The Lakers, down to 11 able-bodied players for their next two games because of Bryant's two-game suspension for a flagrant foul, were down to 9 1/2 by the end of Saturday's practice, with Cook coming in and out and Odom resting after sustaining a minor right-ankle sprain.

Odom said he would play tonight against Utah and Cook is expected to play, or at least try to.
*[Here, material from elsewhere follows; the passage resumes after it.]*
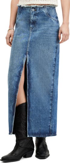 Artful fraying at the waist adds to the lived-in appeal of this casual-staple maxi skirt made from nonstretch denim.

Either way, there wasn't much sympathy from Laker Coach Phil Jackson.

"We're playing against a team that's had a zillion more injuries than we have this season," he said.

With Bryant out for a home-and-home against Utah after intentionally elbowing Memphis guard Mike Miller in the chin Wednesday, the Lakers would be wise to try to get healthy, which Jackson doesn't think will be a problem.

"Believe me, all these guys are licking their chops thinking, 'There's 30 shots out there that are available to us,' " Jackson said before offering a slight suggestion to those who will play. "The quality of shots are really what's important."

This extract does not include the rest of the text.